-- WORK TO COMPLETE --
Whatever lies between the line with "The objective here" and the end of the data, both included, must be copied exactly and without pictures.

-- SUPPLIED INFORMATION --
____
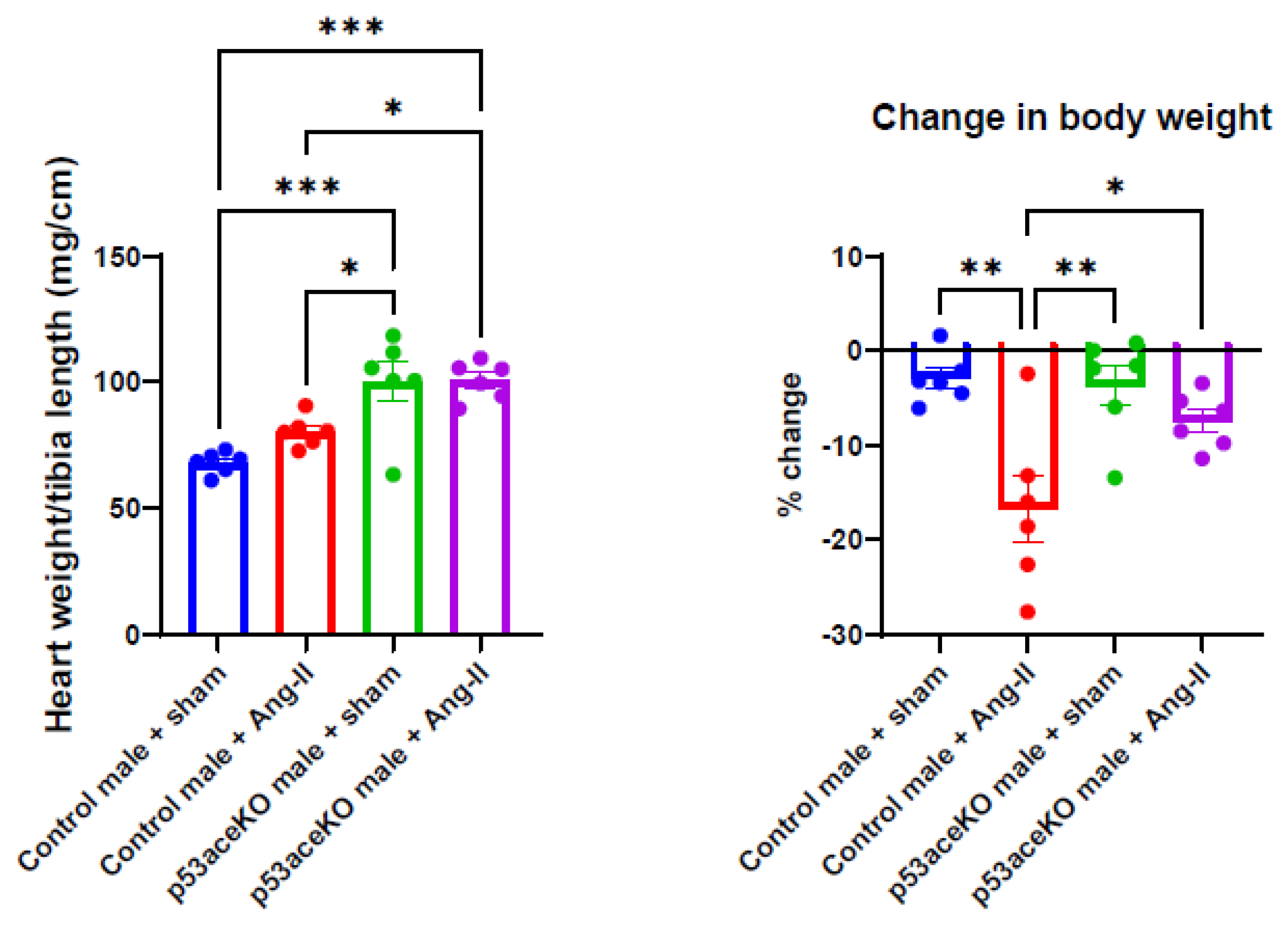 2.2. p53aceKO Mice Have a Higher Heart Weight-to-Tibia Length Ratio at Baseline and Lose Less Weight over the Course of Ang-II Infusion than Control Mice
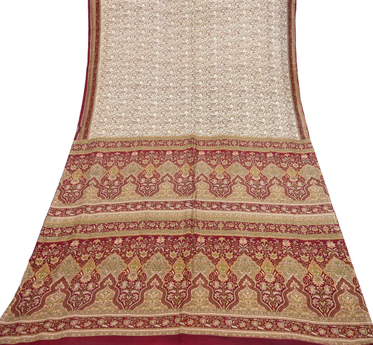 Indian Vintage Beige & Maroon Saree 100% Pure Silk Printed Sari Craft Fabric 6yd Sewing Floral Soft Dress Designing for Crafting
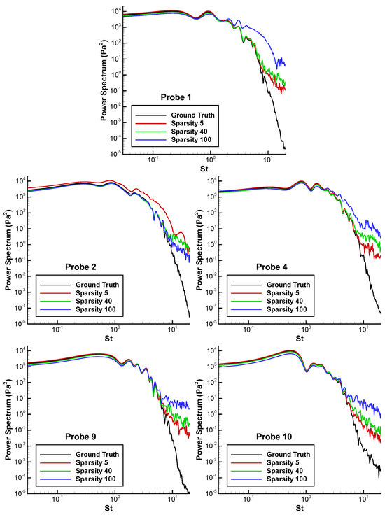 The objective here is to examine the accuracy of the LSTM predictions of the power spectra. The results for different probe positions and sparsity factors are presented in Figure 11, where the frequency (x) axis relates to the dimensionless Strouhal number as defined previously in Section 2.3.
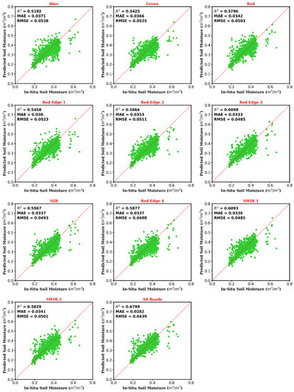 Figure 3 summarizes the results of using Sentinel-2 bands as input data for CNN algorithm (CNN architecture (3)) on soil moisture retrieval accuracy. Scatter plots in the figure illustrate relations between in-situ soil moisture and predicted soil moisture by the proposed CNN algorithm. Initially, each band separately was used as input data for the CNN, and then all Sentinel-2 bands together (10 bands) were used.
____
-- ANSWER BOX --
 The objective here is to examine the accuracy of the LSTM predictions of the power spectra. The results for different probe positions and sparsity factors are presented in Figure 11, where the frequency (x) axis relates to the dimensionless Strouhal number as defined previously in Section 2.3.
 Figure 3 summarizes the results of using Sentinel-2 bands as input data for CNN algorithm (CNN architecture (3)) on soil moisture retrieval accuracy. Scatter plots in the figure illustrate relations between in-situ soil moisture and predicted soil moisture by the proposed CNN algorithm. Initially, each band separately was used as input data for the CNN, and then all Sentinel-2 bands together (10 bands) were used.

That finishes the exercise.